After invention of the cotton gin made profitable the processing of short-staple cotton, there was a major push by whites to develop lands in the Deep South for such cultivation. This greatly increased the demand for slave labor, especially after the US ended the legal Atlantic slave trade in 1808. The rate of manumission fell sharply in southern states. Through the domestic slave trade, some one million slaves were transported from the Upper South to the Deep South in the following years. Most southern states also tightened restrictions on manumission, effectively ending it. They enacted laws requiring legislative approval for each act of manumission, making it so difficult that few slaveholders pursued this, even for their own mixed-race children. At the same time African Americans attempted to resist racialized definitions of freedom. Petitions for freedom suits were one of the most powerful strategies to redefine racial categories, claim freedom, and reconstitute families in the face of enslavement.

==Arguments for freedom==
Petitions for freedom were lawsuits filed by enslaved persons against slaveholders asserting their right to freedom. The right to petition for freedom descended from English common law and allowed people to challenge their enslavement or indenture. While some cases were tried during the colonial period, the majority of petitions for freedom were heard during the antebellum period. Petitioners used a variety of arguments to obtain their freedom.

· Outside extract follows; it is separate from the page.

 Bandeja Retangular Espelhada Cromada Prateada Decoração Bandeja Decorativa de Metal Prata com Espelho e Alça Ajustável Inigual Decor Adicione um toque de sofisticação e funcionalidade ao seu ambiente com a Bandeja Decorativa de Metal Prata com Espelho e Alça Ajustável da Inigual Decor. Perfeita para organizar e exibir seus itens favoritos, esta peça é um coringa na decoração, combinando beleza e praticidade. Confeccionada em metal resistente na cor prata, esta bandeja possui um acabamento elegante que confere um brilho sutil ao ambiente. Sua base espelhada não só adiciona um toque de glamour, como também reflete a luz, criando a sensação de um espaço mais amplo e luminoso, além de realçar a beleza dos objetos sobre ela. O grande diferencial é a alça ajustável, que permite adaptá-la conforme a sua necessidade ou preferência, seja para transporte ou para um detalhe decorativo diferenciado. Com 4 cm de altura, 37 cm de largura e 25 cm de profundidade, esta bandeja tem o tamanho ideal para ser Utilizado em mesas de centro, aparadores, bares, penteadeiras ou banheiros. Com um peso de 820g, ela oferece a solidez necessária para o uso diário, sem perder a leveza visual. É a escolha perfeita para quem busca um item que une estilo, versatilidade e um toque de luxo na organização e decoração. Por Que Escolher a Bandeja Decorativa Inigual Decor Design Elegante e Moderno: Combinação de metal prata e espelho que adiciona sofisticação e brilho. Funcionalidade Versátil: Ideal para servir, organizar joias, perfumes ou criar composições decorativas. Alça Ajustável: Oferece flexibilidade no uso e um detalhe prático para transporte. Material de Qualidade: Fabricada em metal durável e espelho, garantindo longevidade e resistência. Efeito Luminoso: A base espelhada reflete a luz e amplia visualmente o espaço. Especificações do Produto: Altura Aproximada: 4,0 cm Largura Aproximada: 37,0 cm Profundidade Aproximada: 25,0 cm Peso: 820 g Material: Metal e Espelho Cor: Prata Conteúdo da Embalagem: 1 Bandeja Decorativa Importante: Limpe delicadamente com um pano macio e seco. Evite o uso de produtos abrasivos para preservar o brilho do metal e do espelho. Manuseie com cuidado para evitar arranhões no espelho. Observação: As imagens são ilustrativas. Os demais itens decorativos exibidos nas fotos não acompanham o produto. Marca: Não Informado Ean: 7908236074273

===Familial descent from a free woman===

In 1662, Virginia enacted a law to determine the status of children born in the colony. It stated that children inherited the status of the mother, in contrast to English common law in England, which held that a child's social status was determined by the father. Other Southern colonies followed Virginia's lead and adopted this principle of partus sequitur ventrem, by which a child of an enslaved mother was born into slavery, regardless of the race or status of the father. As time went on, there were numerous generations of mixed-race slaves, some notable for being majority white, as were Sally Hemings and several of her siblings at Monticello. These six were the children of the planter John Wayles, father-in-law of Thomas Jefferson.

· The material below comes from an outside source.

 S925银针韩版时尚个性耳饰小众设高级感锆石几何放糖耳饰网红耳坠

But this law also resulted in mixed-race children of white women being born into freedom. Virginia and other colonies ended Indian slavery in the early 18th century. Spain ended Indian slavery in colonial areas under its rule in 1769. After those changes, petitioners sometimes based their claim to freedom on descent from an Indian woman in a slave's maternal line.

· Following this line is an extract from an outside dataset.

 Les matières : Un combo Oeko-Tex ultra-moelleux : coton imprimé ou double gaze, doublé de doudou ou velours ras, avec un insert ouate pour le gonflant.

Dozens of petitions for freedom were filled on the basis that the petitioner was descended from a free woman, and so, by law, was entitled to freedom. For an example of a freedom suit based upon the free status of a mother, see John Davis v. Hezekiah Wood, the Circuit Court of the District of Columbia. In another case filed soon after the United States completed the Louisiana Purchase, Marguerite Scypion and her sisters petitioned in 1805 in Saint Louis, Missouri, for freedom from slavery for them and their children, based on descent from a free Native American grandmother.

===Manumission===

Petitioners for freedom often claimed that a promised manumission had not been fully executed. Charlotte Dupuy, a domestic slave of Henry Clay, in 1829 filed a freedom suit for her and her two children while they were living with Clay in Washington, D.C., during his service as Secretary of State. Dupuy claimed that her previous master had promised to free her. The court required Clay to leave Dupuy in the capital until the case was settled, although he had completed his service and was returning to Kentucky. Dupuy was assigned to work for Clay's successor, Martin Van Buren, who paid her wages like a free laborer. The court ultimately ruled against Dupuy and she was returned to Clay in Kentucky. He finally freed her and her daughter ten years later, and her grown son later still.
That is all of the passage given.